The shape of a spline can be controlled by carefully choosing the number of knots and their exact locations in order to:
Could in principle compare models (e.g., using AIC) that have varying numbers of knots, or different knot locations
Choose a small number of knots (df), based on how much data you have and how complex you expect the relationship to be a priori
Choose knot locations based on quantiles (what ns does by default if you do not provide knot locations)
\(E[Y|X] = \beta_0 + f(x_1)\)
where \(f(x_1)\) can be modeled in a variety of ways
Smoothing splines: Use lots of knots, but then attempt to balance overfitting and smoothness.
This balance can be accomplished by controlling the size of the spline coefficients (which reflect changes in the function over different portions of the data range).
See book for short illustration using the mgcv package.

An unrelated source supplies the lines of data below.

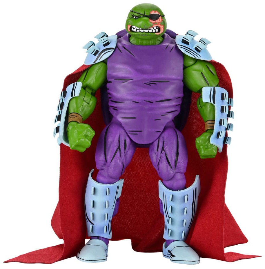 As seen in Eastman & Laird's Teenage Mutant Ninja Turtles comic books from Mirage Studios! Raphael takes the mantle of The Shredder with an all-new sculpt from NECA. This 7-inch scale action figure includes two heads (damaged and angry eyepatch). Plus, a soft goods cape, removable helmet, extra hands, sais, pitcher, and glass. Comes in collector-friendly packaging with original artwork by Kevin Eastman.
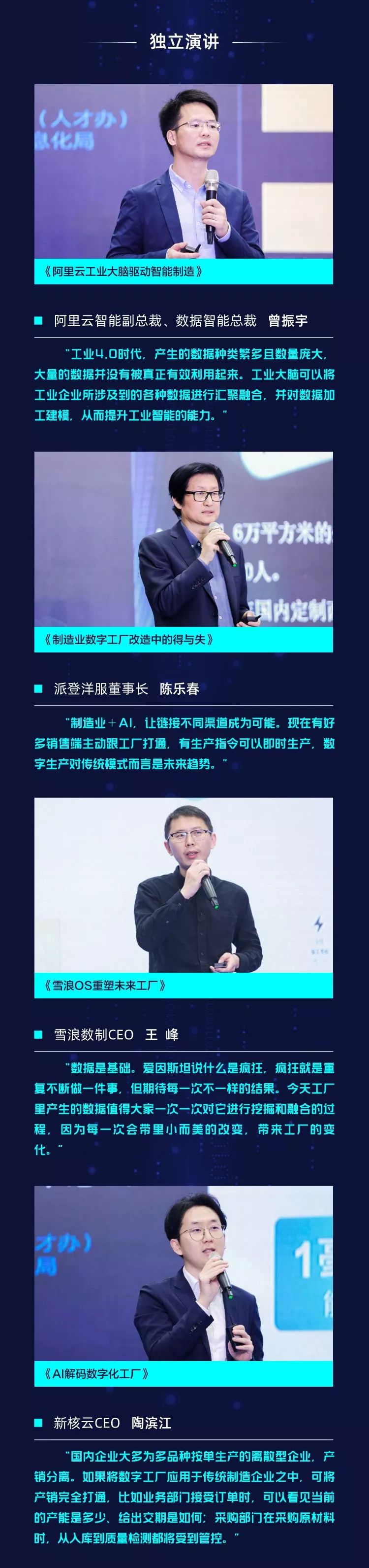 工业巨头布局全产业链,走向技术驱动;互联网先锋凭借应用驱动,横向突破行业壁垒。未来,是属于两者的共谋之路。独立演讲环节,阿里云智能副总裁、数据智能总裁曾震宇、派登洋服董事长陈乐春、雪浪数制CEO王峰和新核云CEO陶滨江就工业大脑、未来工厂、数字车间等话题进行思维碰撞。
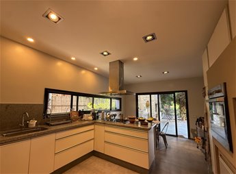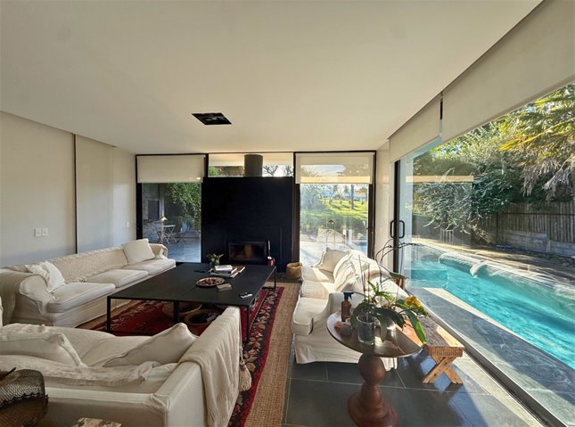 La casa cuenta con 4 habitaciones, 5 baños, un living comedor con 2 estufas a leña, escritorio, y cocina totalmente equipada con horno, anafe y campana.
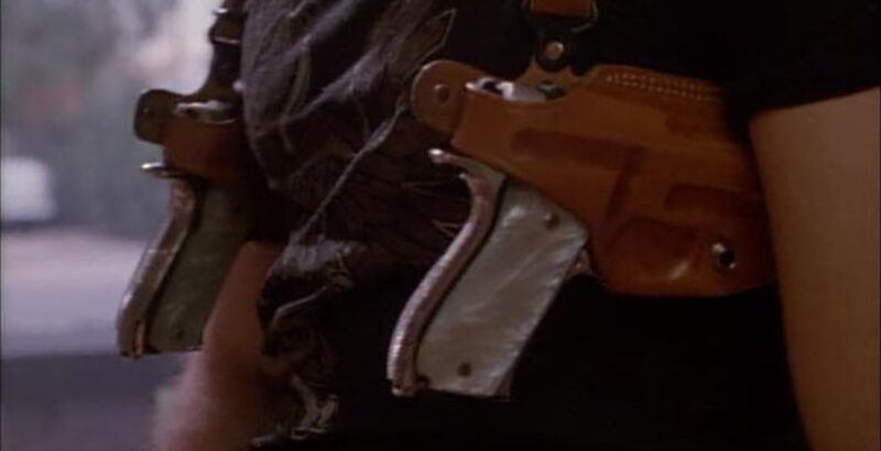 There is nothing immoral about the pair of Smith & Wesson 39s carried by Sheen’s character in the film. These 9mm semi-auto pistols come stainless with pearl handles. He carries them in a Galco dual-pistol shoulder rig that looks almost as good as the guns.
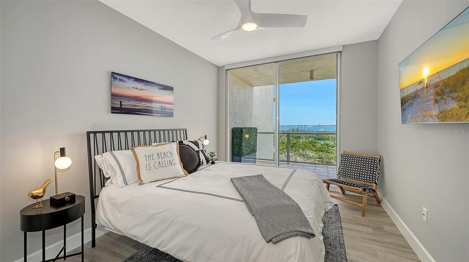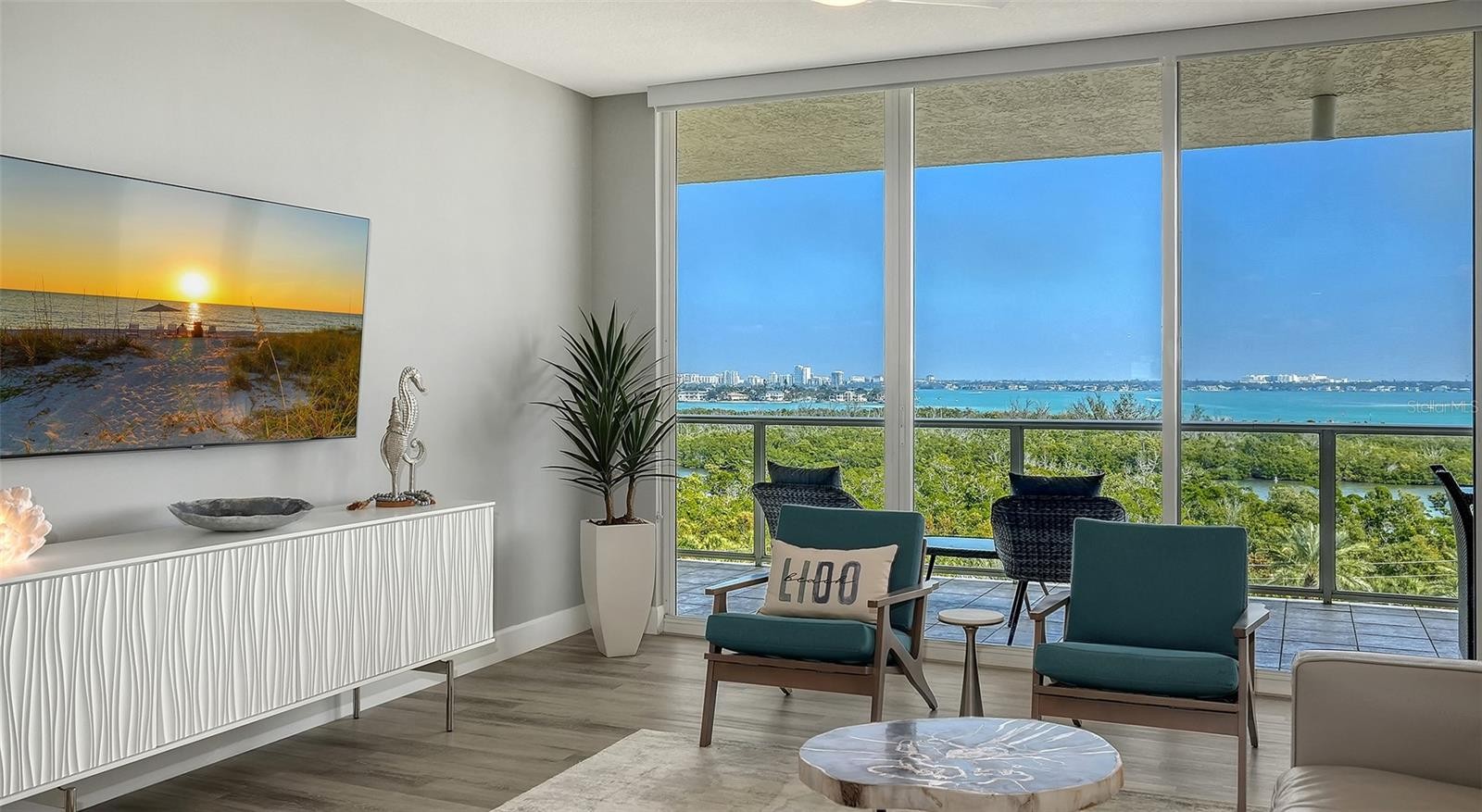 Showcasing breathtaking bay and city skyline views, this impeccably remodeled furnished residence delivers refined coastal elegance and effortless waterfront living. From the moment you enter, panoramic water and skyline vistas take center stage, setting the tone for a light-filled interior designed for both comfort and entertaining. The open floor plan features an inviting living room and dining area with designer lighting and walls of glass opening to the extraordinary 40+ foot terrace, an ideal setting for morning coffee or hosting guests against a stunning waterfront backdrop. The beautifully appointed kitchen blends style and function with custom cabinetry, quartz countertops, under-cabinet lighting, tile backsplash, and a full suite of Bosch appliances including refrigerator with freezer drawer, dishwasher, built-in microwave, oven with warming drawer, electric 5-burner cooktop, and vent hood. A Silhouette Professional dual-zone beverage center completes the space for effortless entertaining. The tranquil primary suite is a private retreat with terrace access, ceiling fan, and a thoughtfully redesigned spa-style bath featuring dual vanities, walk-in shower, and private water closet with Toto toilet and bidet. An office with a Murphy bed offers a closet with barn door enclosure, accent wall, frosted glass double doors, and ceiling fan, while an additional bedroom enjoys terrace access. The guest bath includes a tub/shower combination with Kohler fixtures, and the elegant powder bath showcases marble countertops, textured accent wall, and decorative lighting. A separate laundry room with built-in cabinetry adds everyday convenience. The chic powder bath is perfectly positioned for guests. Outdoor living is exceptional on the expansive terrace, complete with patio furnishings and a Coyote electric grill. Additional features include a hallway trash chute, new water heater (2022), assigned gated under-building parking space, and private storage locker. Located within the prestigious L’Elegance on Lido Key, residents enjoy a secure gated beachfront community with guard service, direct beach access, heated lap pool, spa, children’s pool, fitness center with saunas, tennis courts, kayak and bike storage, social rooms, underground parking, and full-time maintenance staff. Extensive building enhancements are underway including renovated common areas, brand-new elevators nearing completion, and a new roof in 2025. Assessments are fully paid and reserves are funded. With city beach re-nourishment underway, this is a rare opportunity to enjoy turnkey coastal luxury in one of Sarasota’s premier beachfront communities, where every day feels like a private resort escape.

What if you want to allow for multiple non-linear relationships?
ns(x1, 3) + ns(x2, 4) or multiple smoothing splines
There are cyclical splines that
ensure ends meet at 0 and 24 hours
(or, Jan 1 and Dec 31).

\(Y \sim f(x,\beta)\), where \(f(x,\beta)\) may have a strong theoretical motivation.
We will eventually learn how to fit these models using Maximum likelihood and Bayesian methods.